Daily step count and walking speed as general measures of patient wellbeing

Daily step count and walking speed as general measures of patient wellbeing

Ralph J. Mobbs1,2,3,4, Callum Betteridge1,2,3,4

1NeuroSpine Surgery Research Group (NSURG), Sydney, Australia; 2NeuroSpine Clinic, Prince of Wales Private Hospital, Randwick, Australia; 3Faculty of Medicine, University of New South Wales, Sydney, Australia; 4Wearables and Gait Assessment Group (WAGAR), Sydney, Australia

Correspondence to: Ralph J. Mobbs. Prince of Wales Private Hospital, Suite 7, Level 7, Randwick, NSW 2031, Australia. Email: ralphmobbs@hotmail.com.

Provenance and Peer Review: This article was commissioned by the editorial office, Journal of Spine Surgery. The article did not undergo external peer review.
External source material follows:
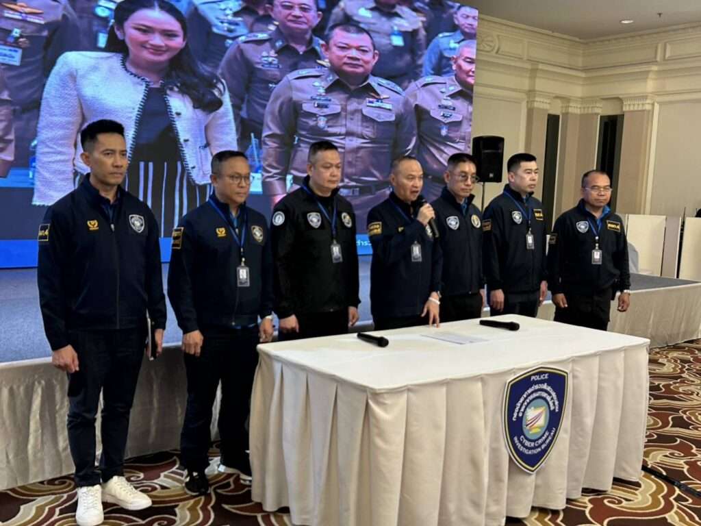ผิวพรรณ ผบช.สอท.,พล.ต.ต.อรรถสิทธิ์ สุดสงวน รอง ผบช.สอท., พล.ต.ต.วิวัฒน์ คำชำนาญ รอง ผบช.สอท., พล.ต.ต.ทินกร รังมาตร์ รอง ผบช.สอท., พล.ต.ต.กฤตัชญ์ บำรุงรัตนยศ ผบก.สอท.4 พร้อมเจ้าหน้าที่ที่เกี่ยวข้องร่วมแถลงข่าว ผบช.สอท. เตรียมเปิดที่ทำการบก.สอท.4 ตั้งฐานที่มั่นปราบโจรออนไลน์ภาคเหนือ เบิกฤกษ์ รวบแอดมิน 3 เว็บพนันใหญ่ เงินหมุนรวมกันกว่า 274 ล้าน พร้อมเดินหน้าโครงการ “ปิดบัญชี ตามล่าม้า คว้าเงินคืน EP.5” รวบเครือข่ายหลอกข้าราชการบำนาญ ตามอายัดทันเกือบ 8 แสน นำคืนผู้เสียหาย

Submitted Sep 03, 2020. Accepted for publication Sep 18, 2020.

doi: 10.21037/jss-2020-03

Simple measures of a patient’s walking capacity such as walking speed (WS) and daily step count (DSC) are often measured by activity trackers in fitness watches or smartphones, giving insight into a patient’s daily walking patterns without the influence of the Hawthorne effect. Both metrics have literature backing their importance as measures of general health. Reduction in WS is a key characteristic of ageing and frailty (1), as well as a predictor of falls (2), a finding in many neurological diseases (3,4) and a predictor of mortality regardless of age (5). While increasing daily activity, measured by DSC, is linked to lower all-cause mortality by reducing incidence of metabolic syndrome and related diseases (6), it is itself impacted in many disease states. Patient WS and DSC can be collected from activity trackers (7) built into fitness watches and smartphones, with some early reports of devices collecting these metrics in day-to-day living (8,9).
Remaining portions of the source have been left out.